◆ **WORK TASK**: From the data below, retype exactly the lines starting with the one that contains "Plate 4: Testing" and ending with the one that contains "The Compressive Strength test", both included.

--- DATA EXTRACT Enclosed Below ---

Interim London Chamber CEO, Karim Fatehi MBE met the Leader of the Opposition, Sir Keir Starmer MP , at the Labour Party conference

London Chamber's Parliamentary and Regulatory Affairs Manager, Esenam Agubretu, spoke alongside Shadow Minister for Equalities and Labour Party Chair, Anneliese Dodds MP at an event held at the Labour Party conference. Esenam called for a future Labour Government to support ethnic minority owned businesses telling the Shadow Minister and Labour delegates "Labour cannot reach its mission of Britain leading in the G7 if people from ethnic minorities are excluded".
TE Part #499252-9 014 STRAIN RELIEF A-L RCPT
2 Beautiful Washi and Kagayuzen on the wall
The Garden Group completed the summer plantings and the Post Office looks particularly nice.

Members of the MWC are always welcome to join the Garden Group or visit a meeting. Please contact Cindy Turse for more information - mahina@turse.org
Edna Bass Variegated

--- End of Enclosed DATA EXTRACT ---
--- DATA EXTRACT Enclosed Below ---

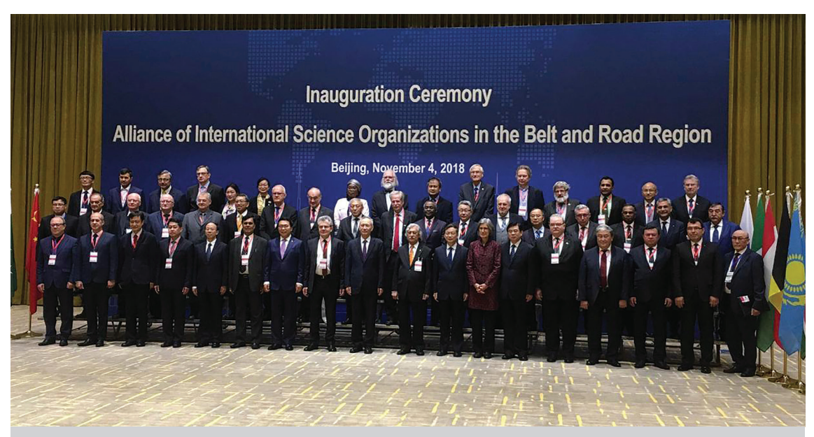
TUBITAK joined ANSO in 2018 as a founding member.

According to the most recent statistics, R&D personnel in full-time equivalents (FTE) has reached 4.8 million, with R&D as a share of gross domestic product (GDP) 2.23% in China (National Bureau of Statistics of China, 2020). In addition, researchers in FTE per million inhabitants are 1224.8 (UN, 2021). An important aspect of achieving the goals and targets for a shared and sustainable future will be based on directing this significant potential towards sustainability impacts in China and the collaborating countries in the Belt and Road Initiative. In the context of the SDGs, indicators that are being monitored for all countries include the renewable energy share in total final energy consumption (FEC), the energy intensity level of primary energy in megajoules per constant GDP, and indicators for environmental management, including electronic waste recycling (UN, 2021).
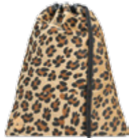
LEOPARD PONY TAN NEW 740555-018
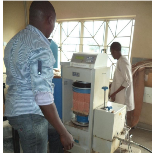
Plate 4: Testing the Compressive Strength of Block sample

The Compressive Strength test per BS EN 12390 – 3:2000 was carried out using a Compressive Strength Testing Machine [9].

--- End of Enclosed DATA EXTRACT ---

◆ **ANSWER FOR THE TASK**:
Plate 4: Testing the Compressive Strength of Block sample

The Compressive Strength test per BS EN 12390 – 3:2000 was carried out using a Compressive Strength Testing Machine [9].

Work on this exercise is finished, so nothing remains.